考古博では平成20年から続く夏の恒例行事で、現在は当館のボランティア団体「ひょうご考古楽倶楽部」が主催で寸劇を交えた楽しい解説での体験イベントが開催されています。



 人形(ひとがた)とは、人の形をした木のことで、古代では自然災害や疫病などの災いは、自分や周りの人の行いが招いた穢(けが)れ〔厄や罪という言い方もされる〕によって起こると信じられており、人々は折々に、自分の身についた悪いものをひとがたに移し、身代わりとして水に流すことによって、穢れが消えると考えていました。この行事はその後、陰陽師たちにより広められ、今でも紙の人形を使って神社などで行われています。

 

イベントでは、ひとがた流しの前に平安時代の文献「延喜式」に基づき、宮殿の中で行われていた儀式を行います。ボランティアさん扮する中臣(なかとみ)が「大祓詞(おおはらえのことば)」を唱え、儀式は完了です。

        


会場内にいたお子さんも劇に参加してくれました。小学4年生だそうですが、協力依頼の言葉に一番に手を上げて大役を引き受けてくれました。
この積極性があれば、あらゆる厄払いができるに違いありません。



さあ、いよいよ「ひとがた流し」の開始です。

儀式後に配られた、人のかたちをした木の板に、顔を描いていきます。

自分の顔でもいいし、病気の人の顔を思い浮かべてその人の顔を描いてもいいようです。


うまく描けているかな。


 

描けた人から屋外へ出ましょう。

榊(さかき)の葉が入ったきれいな水で手を清めます。

 


祓いどころで「お祓い」を受けます。

お祓いが済んだら、脇にある祭壇に向かって一礼をします。



 

では、ひとがたを流しに館敷地内に復元された溝に向かいます。 

自分のなかの悪いものをひとがたに移すため、ひとがたをなでて、それから「ふうっ」と息をふきかけます。 これで、悪いものがひとがたに移りました。祈りを込めて流しましょう。

皆さん自分のひとがたを見守っています。
「あれ、お父さんのひとがた、どんどん他の人に抜かれていってるよ」
といった声が聞こえてきました。競争ではないので大丈夫ですよ。



豊岡市の袴狭(はかざ)遺跡群では、人や馬、船などの形をした板が1万点以上も見つかっています。但馬地域全体の厄ばらいのために、一度に大量の人形を流していたようです。
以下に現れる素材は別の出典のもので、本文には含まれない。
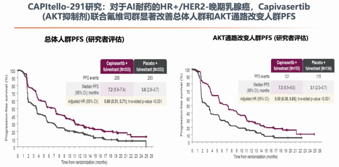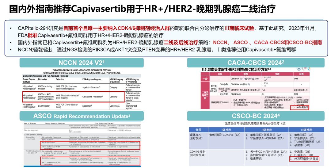 近年来,PI3K-AKT-mTOR通路抑制剂涌现了不少潜力“新星”。首先是Capivasertib作为全球首创(first-in-class)的AKT抑制剂(AKTi),经过全球3期CAPItello-291研究证实,对于CDK4/6i或ET经治失败的晚期HR+乳腺癌患者,Capivasertib+氟维司群相较于单独使用氟维司群可显著改善全体人群(7.2 vs 3.6个月,HR 0.60,P<0.001)和AKT通路异常患者(7.3 vs 3.1个月,HR 0.50,P<0.001)的无进展生存期(PFS);且总生存期(OS)也有获益趋势;中国队列也显示相似或更好的获益趋势;在安全性方面,Capivasertib组的停药率仅为13%,高血糖(2.3%)和口腔炎(2.0%)等受关注的≥3级不良事件(AE)发生率较低,常见AE以临床处理相对简单、成熟的腹泻和皮疹为主。基于该研究,2024年V2版NCCN指南、2024年的ASCO快速推荐更新、2024年CACA-CBCS指南和CSCO BC指南等国内外权威指南均将Capivasertib作为HR+/HER2-晚期乳腺癌的二线治疗推荐。
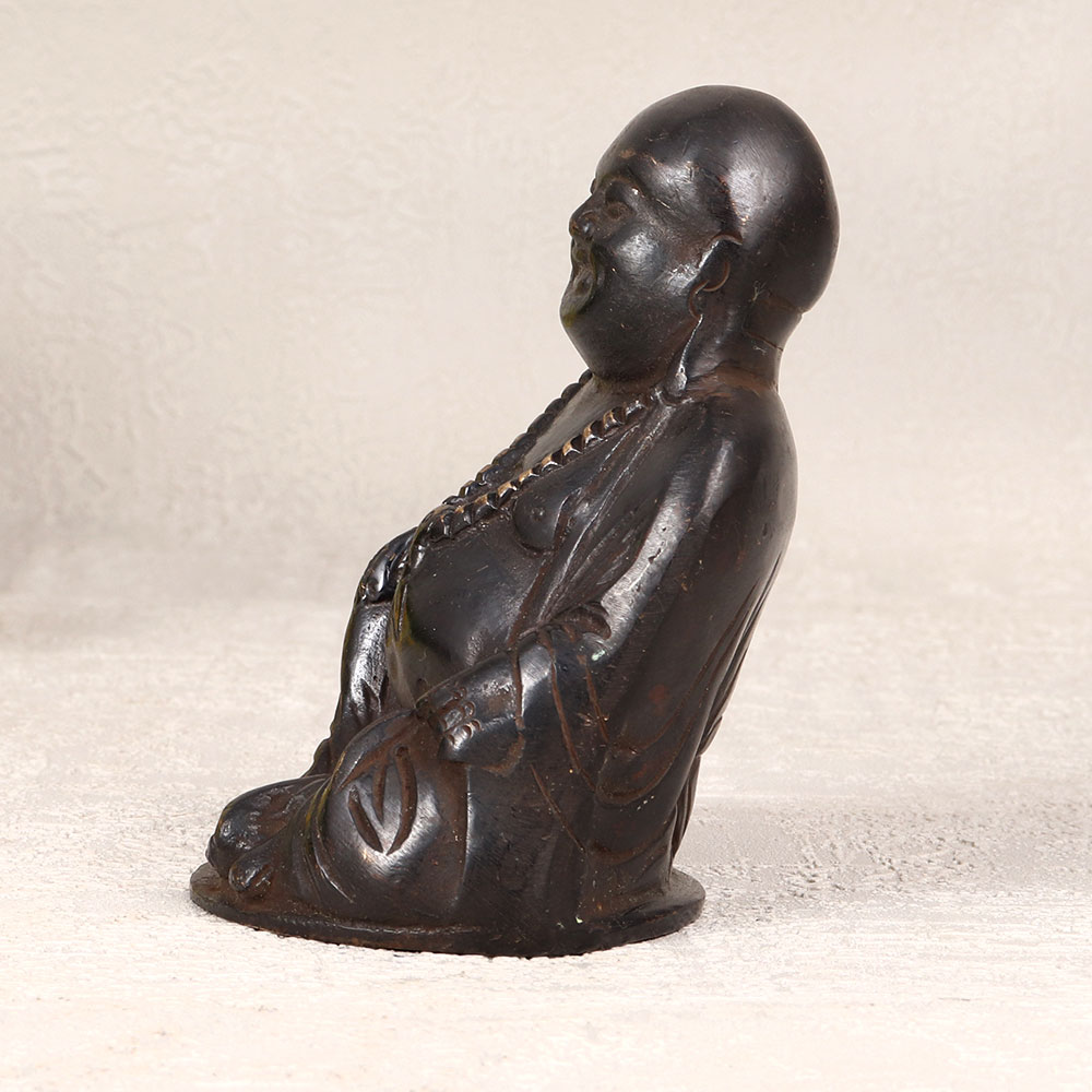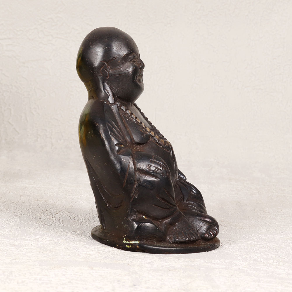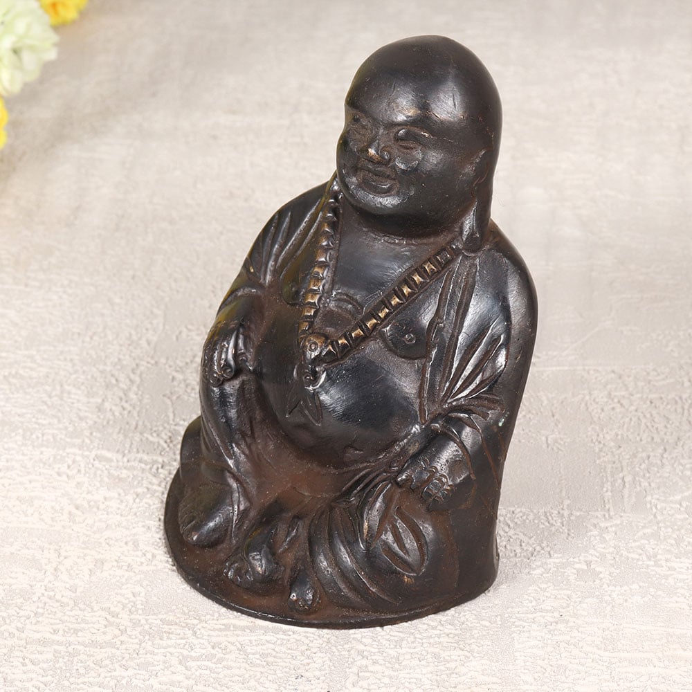 A magnificent brass statue of Laughing Buddha who is a symbol of joy and prosperity, meticulously crafted by professional Indian artisans with a profound commitment to their craft. This exquisite piece boasts a rich antique dark finish, adding a touch of timeless elegance to any space. Handmade from high-quality brass, this Laughing Buddha statue radiates authenticity and craftsmanship, showcasing the artistry passed down through generations. Its meticulously detailed design captures the essence of mirth and contentment, making it a perfect addition to your home, office, restaurant, hotel, or cafe, elevating the aesthetic of any environment. Ideal for collectors with a penchant for vintage treasures, this statue effortlessly blends tradition with sophistication. Its antique dark finish not only imparts a sense of history but also lends a unique character that makes it stand out in any decor. This Laughing Buddha statue is not just a beautiful ornament but also a thoughtful gift for your loved ones on special, festive, or auspicious occasions.

人形と一緒に使われた、馬の形をした馬形(うまがた)や船の形をした船形(ふながた)は、人形に移された災いを遠くに運ばせるために一緒に流されました。

当館では、遺跡から出土したひとがたを常設展示していますので、ぜひ実物をご覧ください。
昔の人が描いたユニークな顔もありますよ。


なお、大祓の神事として茅の輪(ちのわ)くぐりがあります。

生命力のある青々とした茅(ちがや)で作った輪をくぐるもので、近くでは日岡神社の夏越祭などで行われています。